SprayDay: mobile app for infrequent pesticide users
|Main authors:||Luke Farrow, Mark Browne, Erica Chisholm, Ida Hamill, Patrick Meier, Paul Armitage, Rachel Cassidy, Rikke Krogshave Laursen, Peter Schipper, Gerard Velthof and Donnacha Doody|
|Source document:||»Farrow, L. et al. (2021) Development of the SprayDay mobile app - assisting best practice amongst infrequent pesticide users. FAIRWAY Project Deliverable 5.5, 47 pp|
Pesticides are an important tool in modern agricultural practice, but it is recognised that their use can have significant negative ecological impacts and pose risks for human health if not removed from drinking water sources. Whilst there are technological solutions available to remove the majority of pesticides from drinking water, these approaches are expensive and may not always be effective. Consequently the use of professional pesticide products is strictly controlled, with usage limited to holders of, or those supervised by holders of, appropriate certification.

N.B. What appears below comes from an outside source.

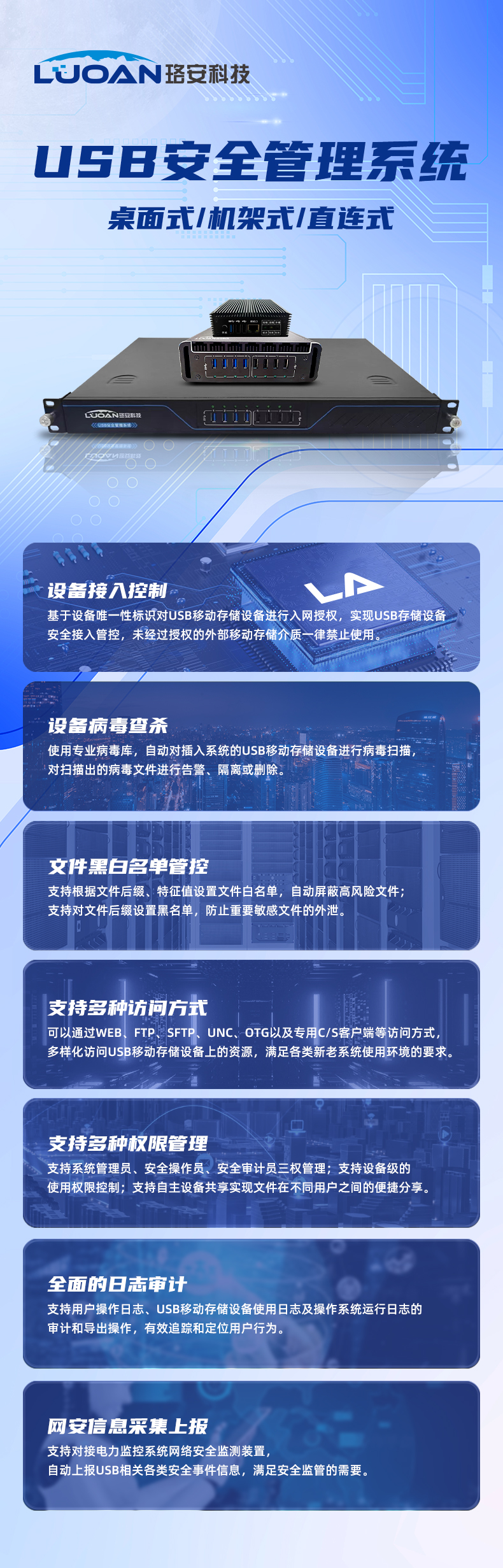 珞安科技作為國(guó)內(nèi)工控安全領(lǐng)域技術(shù)先進(jìn)、實(shí)力深厚的優(yōu)秀企業(yè),針對(duì)USB移動(dòng)存儲(chǔ)介質(zhì)防護(hù)難題,自主研發(fā)USB安全管理系統(tǒng),通過技術(shù)手段與管理制度相結(jié)合來(lái)加強(qiáng)移動(dòng)介質(zhì)的管控,實(shí)現(xiàn)移動(dòng)介質(zhì)的權(quán)限控制、無(wú)毒驗(yàn)證、操作審計(jì)等方面的全流程管控,滿足工業(yè)企業(yè)USB移動(dòng)存儲(chǔ)介質(zhì)安全管理需求。

One challenge that is becoming increasingly apparent is that the infrequent use of pesticide products by many users’ means that adherence to best practice can be problematic. In addition the best source of information is not always clear, or easily accessible. This problem is further exacerbated by the fact that pesticide usage is a practical process meaning that notes taken in training sessions are unlikely to be to hand when questions arise in the farmyard or the field. Modern tools such as mobile telephones and the internet provide a theoretical solution to this problem, but connectivity in rural areas, is often poor and many individual users still prefer a more traditional method for gaining information.
In this section of FAIRWAYiS we describe the development of SprayDay, a phone app that provides guidance to low-frequency users from both agricultural backgrounds and other business sectors (such as groundskeepers managing amenity spaces) on best practice in the application, disposal and environmental risks associated with the use of different pesticides for weed and pest control.
The work has been undertaken in three stages;
1. Market Research: Market research was carried out in two steps. A review of the currently available online resources showed that there were a small number of resources available that specialised in providing information on specific factors relating to pesticide usage, but none sought to act as a centralised hub for all issues. Further, provision tended to target more frequent users and those who have recently purchased new equipment. The second step was a series of structured interviews with 83 farmers who used professional pesticide products. The purpose of these interviews was to determine the specific mix of features that would increase the appeal of the app to potential users.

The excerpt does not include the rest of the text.